Write out the data below in full, unchanged, minus the images.

_DATA FOR THE TASK_

******************************

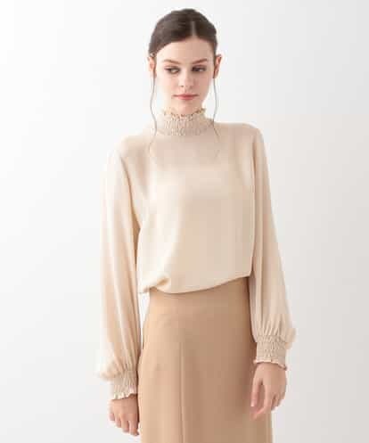 シルクの醸し出す上質なテキスタイルの質感と、衿とカフスに施したシャーリングが魅せるコントラストが絶妙にマッチした一着。プルオーバータイプのすっきりとしたボディに、女性らしさ溢れるシャーリングデザインが美しさを最大限に引き出してくれるアイテムです。わずかな透け感を活かし、お手持ちのインナーとの組み合わせでも違った雰囲気を楽しめます。※インナーキャミソール付きmodel:H170 B80 W58 H81 着用サイズ:M
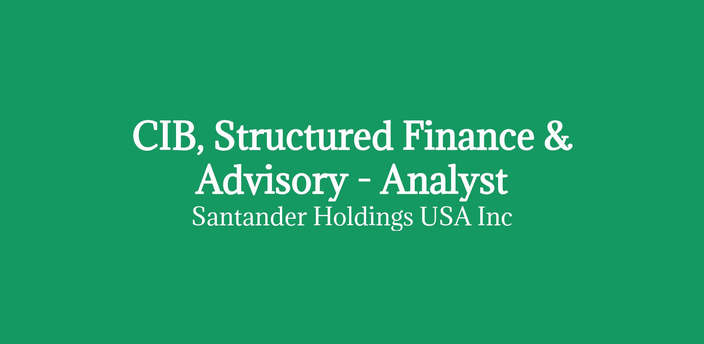 CIB, Structured Finance & Advisory - Analyst
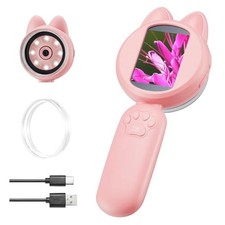 Mini Digital Microscopy, 2-inch IPS Screen 200X Magnifying Glass Handheld Pink
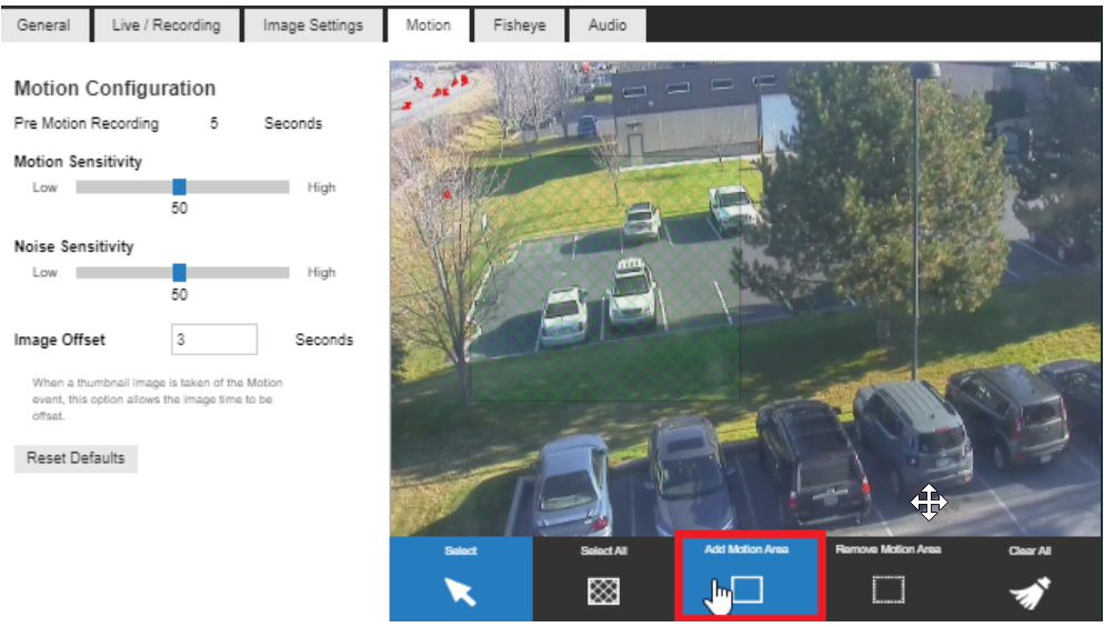 - Add Motion Area will add a motion area where you want. You can create motion grids by selecting the Add Motion Area button and then clicking and dragging the cursor to create a rectangular shaped area. You can add multiple areas.
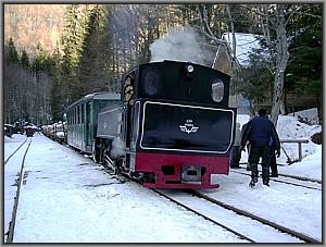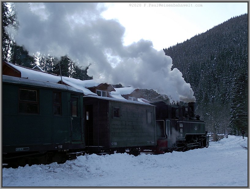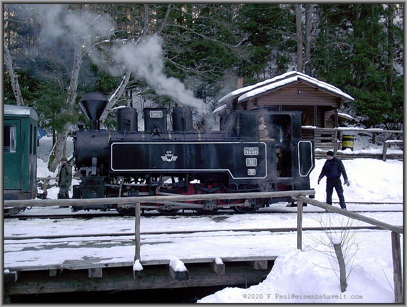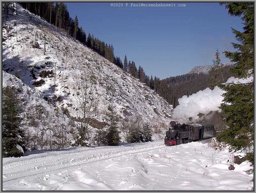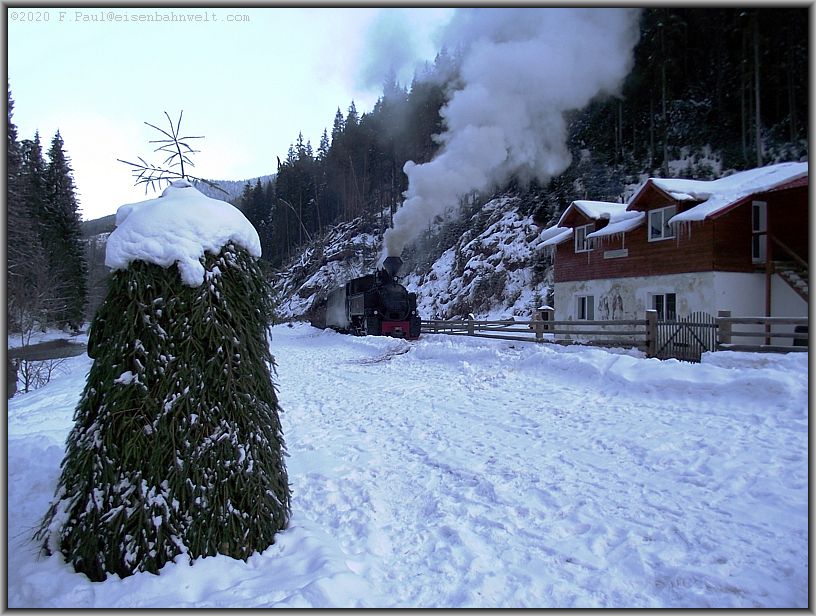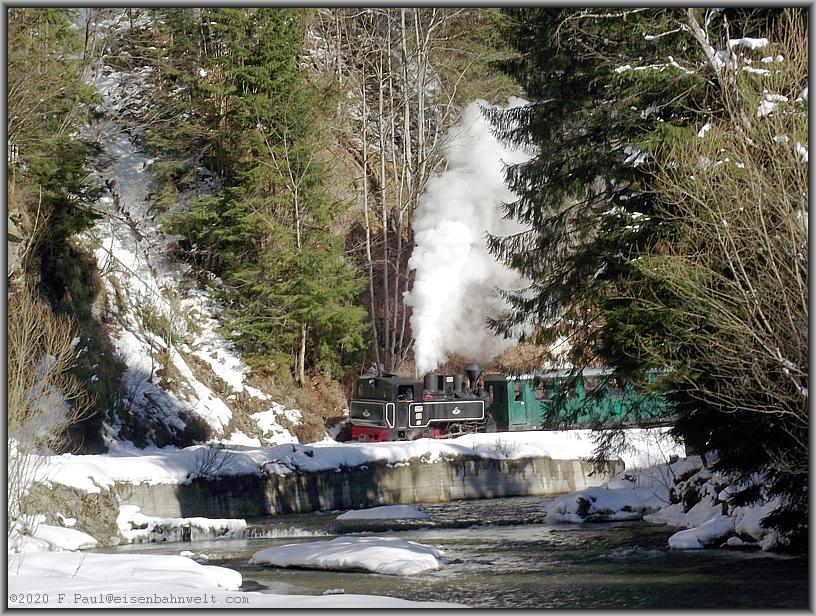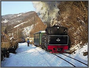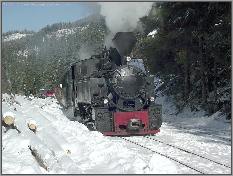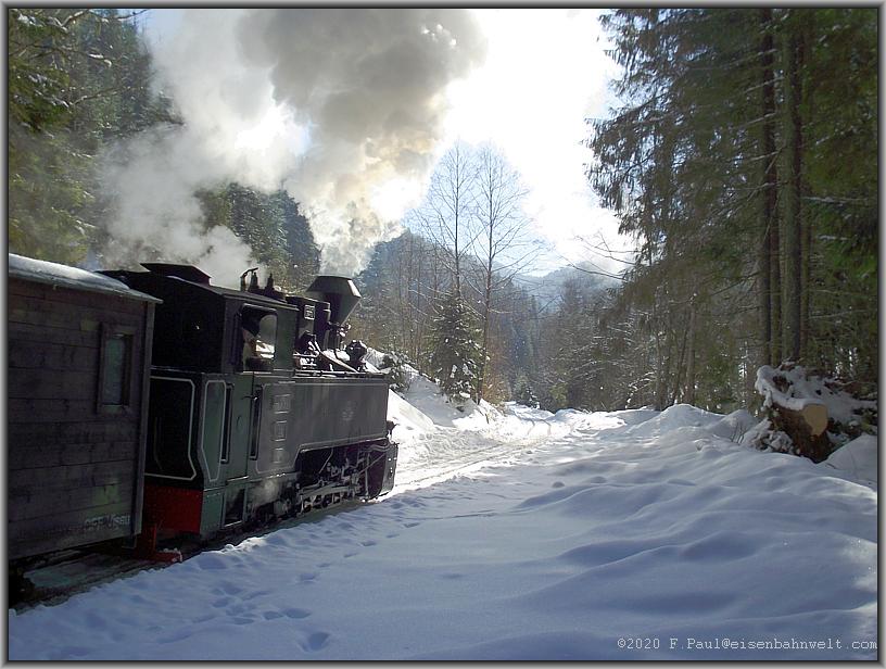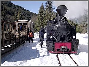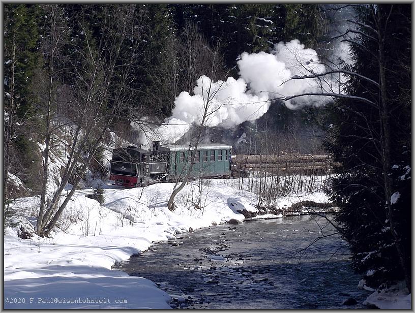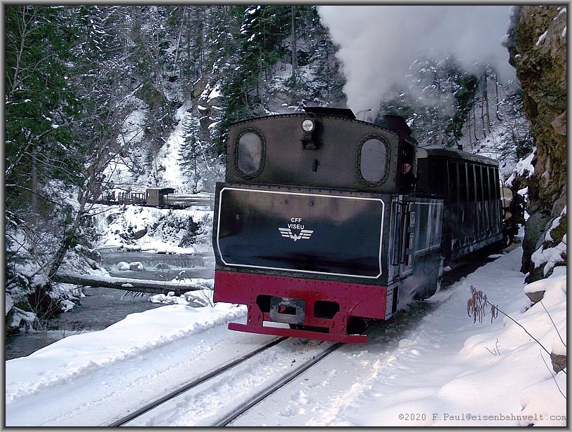Bald ist nun Paltin erreicht, in der warmen Jahreszeit der Endpunkt des Touristenzuges. Aber im Februar ist hier keine Menschenseele und so beschränkt sich der Aufenthalt hier
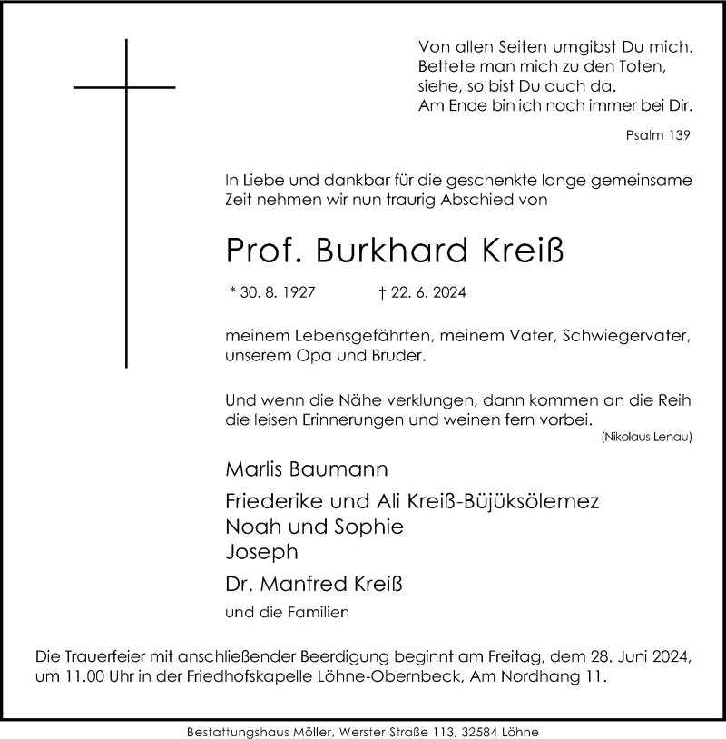 Hier finden Sie alle Traueranzeigen aus der Zeitung, die bisher für Prof. Burkhard Kreiß erschienen sind. Weitere Traueranzeigen, die in der Zeitung erscheinen, werden hier ebenfalls aufgelistet
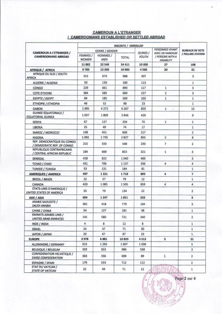 Le Cameroun a rendez-vous avec l’histoire. L’élection du président de la République est prévue demain. Le corps électoral est convoqué pour élire le successeur de Paul Biya. En tout, ce sont 8 010 464 électeurs dont 3 716 567 femmes et 4 293 897 hommes qui sont ainsi convoqués dans les urnes parmi lesquels 34 411 électeurs établis à l’étranger, répartis dans 31 653 bureaux de vote créés sur l’ensemble du territoire national et à l’étranger (108 dans 36 pays de tous les continents), pour départager 12 candidats dont une seule femme, Patricia Tomaïno Ndam Njoya. Après la confirmation des listes le 3 août dernier par le Conseil constitutionnel, Caxton Ateki du Parti de l’Alliance libérale (PAL) et Akéré Muna du parti Univers se sont ralliés à Bello Bouba Maïgari de l’Union nationale pour la démocratie et le progrès (Undp) ; mais le ministre de l’Administration territoriale (Minat) a rappelé que tous les 12 candidats retenus demeurent en course. En indiquant que les désistements devaient se faire avant l’impression des bulletins de vote. Alors les bulletins des 12 candidats officiels seront présents dans tous les bureaux de vote, et valablement comptés.
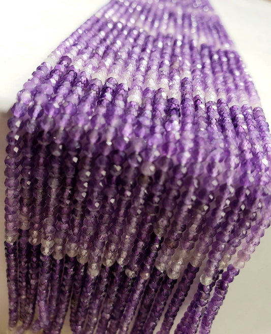 Ombre Amethyst Facettiertes schattiertes Roundel 3–3,5 mm, Schmuckherstellung Halskette, Armband, DIY natürliche Edelsteinperlen 13" Strang
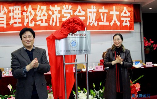隨后,劉幸副主席,丁立群副校長,孫儉太副局長和焦方義教授共同揭牌,黑龍江省理論經濟學會正式成立。
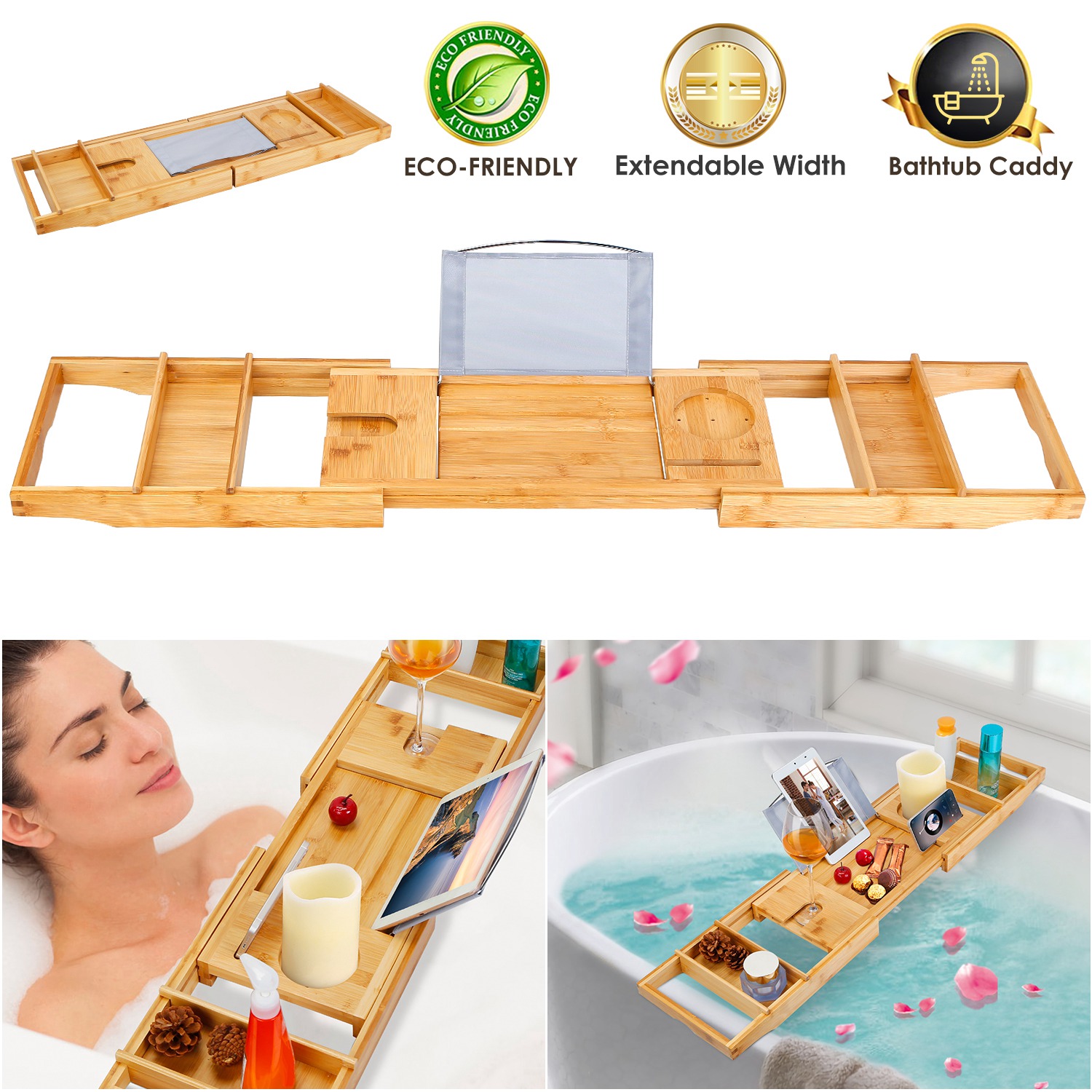 Home > Bathtub Caddy Tray Crafted Bamboo Bath Tray Table Extendable Reading Rack Tablet Phone Holder Wine Glass Holder Shelf Desk Bathroom Spa

******************************

_SOLUTION TO THE PROBLEM_
 シルクの醸し出す上質なテキスタイルの質感と、衿とカフスに施したシャーリングが魅せるコントラストが絶妙にマッチした一着。プルオーバータイプのすっきりとしたボディに、女性らしさ溢れるシャーリングデザインが美しさを最大限に引き出してくれるアイテムです。わずかな透け感を活かし、お手持ちのインナーとの組み合わせでも違った雰囲気を楽しめます。※インナーキャミソール付きmodel:H170 B80 W58 H81 着用サイズ:M
 CIB, Structured Finance & Advisory - Analyst
 Mini Digital Microscopy, 2-inch IPS Screen 200X Magnifying Glass Handheld Pink
 - Add Motion Area will add a motion area where you want. You can create motion grids by selecting the Add Motion Area button and then clicking and dragging the cursor to create a rectangular shaped area. You can add multiple areas.
Bald ist nun Paltin erreicht, in der warmen Jahreszeit der Endpunkt des Touristenzuges. Aber im Februar ist hier keine Menschenseele und so beschränkt sich der Aufenthalt hier
 Hier finden Sie alle Traueranzeigen aus der Zeitung, die bisher für Prof. Burkhard Kreiß erschienen sind. Weitere Traueranzeigen, die in der Zeitung erscheinen, werden hier ebenfalls aufgelistet
 Le Cameroun a rendez-vous avec l’histoire. L’élection du président de la République est prévue demain. Le corps électoral est convoqué pour élire le successeur de Paul Biya. En tout, ce sont 8 010 464 électeurs dont 3 716 567 femmes et 4 293 897 hommes qui sont ainsi convoqués dans les urnes parmi lesquels 34 411 électeurs établis à l’étranger, répartis dans 31 653 bureaux de vote créés sur l’ensemble du territoire national et à l’étranger (108 dans 36 pays de tous les continents), pour départager 12 candidats dont une seule femme, Patricia Tomaïno Ndam Njoya. Après la confirmation des listes le 3 août dernier par le Conseil constitutionnel, Caxton Ateki du Parti de l’Alliance libérale (PAL) et Akéré Muna du parti Univers se sont ralliés à Bello Bouba Maïgari de l’Union nationale pour la démocratie et le progrès (Undp) ; mais le ministre de l’Administration territoriale (Minat) a rappelé que tous les 12 candidats retenus demeurent en course. En indiquant que les désistements devaient se faire avant l’impression des bulletins de vote. Alors les bulletins des 12 candidats officiels seront présents dans tous les bureaux de vote, et valablement comptés.
 Ombre Amethyst Facettiertes schattiertes Roundel 3–3,5 mm, Schmuckherstellung Halskette, Armband, DIY natürliche Edelsteinperlen 13" Strang
隨后,劉幸副主席,丁立群副校長,孫儉太副局長和焦方義教授共同揭牌,黑龍江省理論經濟學會正式成立。
 Home > Bathtub Caddy Tray Crafted Bamboo Bath Tray Table Extendable Reading Rack Tablet Phone Holder Wine Glass Holder Shelf Desk Bathroom Spa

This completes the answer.